There is a famous story that this movie reenacts--almost everything that Hemingway wrote in the years leading up to 1922 was lost by his first wife Hadley on a train. That is what happens here, but there is another layer to the story--one which I am not sure adds much to the overall plot, but it does get you thinking within a different framework. I am just not sure that it is enough of an addition to justify its inclusion.
There are stories within stories here. Jeremy Irons play 'the old man'--the guy who wrote the book that is left in a briefcase on a Paris train. He has lost his wife and daughter, and he pours out his story in a feverish two weeks of writing that produces a manuscript. He then tracks down his wife, gives her the story, and she decides to return to him after she reads it.

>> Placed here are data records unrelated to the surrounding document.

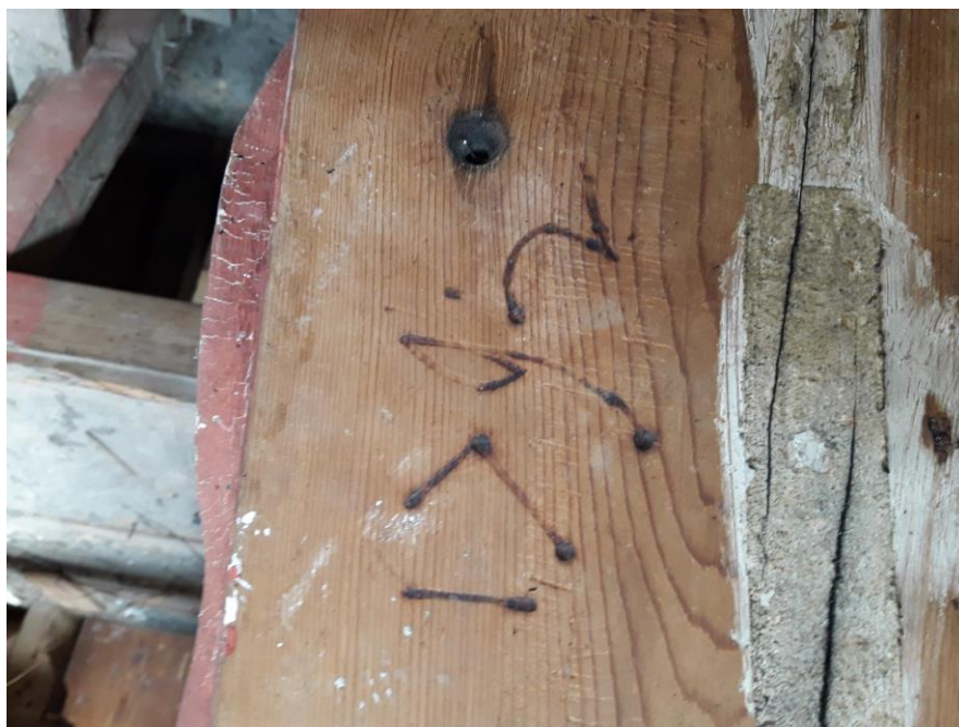
La data 1792 ritrovata sotto il somiere del pedale graffita a fuoco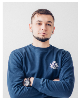
Владислав бізнес девелопмент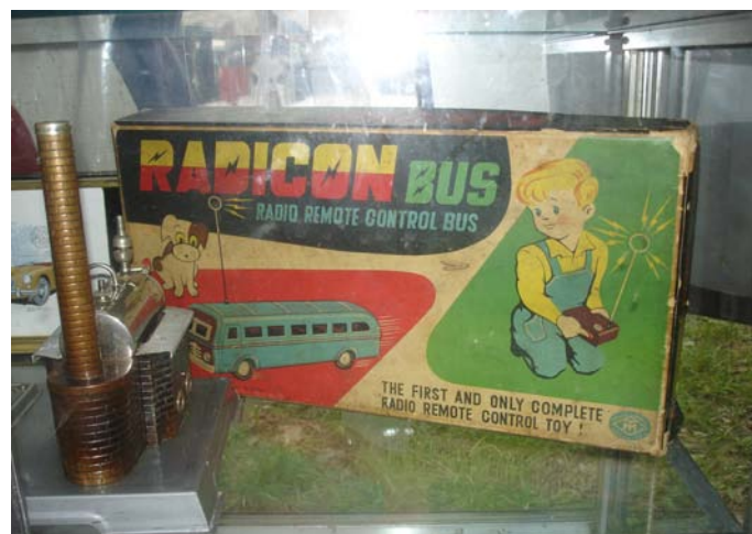
Un colectivo a radiocontrol de los años 70.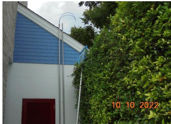
รูปที่ 2-22 ระบบความปลอดภัยของสระว่ายน้ำ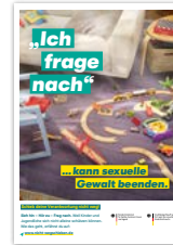
Plakat DIN A2 Motiv Kitakind Artikelnr. 7S049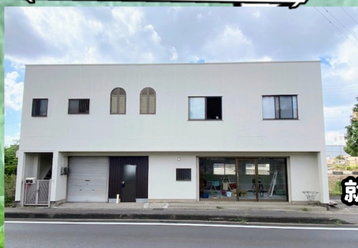
就労継続支援B型事業所 そらまめ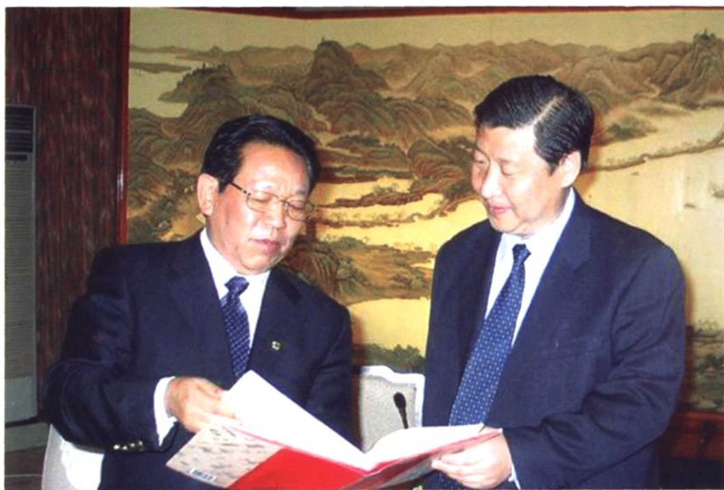
习近平与昌乐一中校友、香港大公报社董事长王国华（左）在一起

So, a long time later there is a good writer, Rory Jansen (Bradley Cooper) who borrows a lot of money from his father and does nothing but write--he produces a good book, but since he is a complete unknown, no one take a chance with him. He goes to work in a publishing house, he still writes at night and on weekends, but he is moving on. Until his wife buys him a briefcase in a Paris antique store, and he finds the old man's manuscript. And he is blown away.
He can't stop thinking about how powerful the story is--he dreams about it, he obsesses about it during the day, and he finally types it up, word for word. Then his wife finds it. She thinks it is amazing--and she thinks it is his. She insists he publish it. To his credit, Rory is a very reluctant participant. That guilt that the story is not his keeps him humble and likable, even after fame becomes routine. And then it happens. The man who's story it really is tracks him down and confronts him with the truth.
The story within the story is written by Clayton Hammond (Dennis Quaid)--who is telling ROry's real story in a reading that is almost like a soliloquy. I am not sure this adds much, but it does force you to think about the price Rory paid when he took someone's work, knowing he would never publish anything that good again. It makes you think about that path.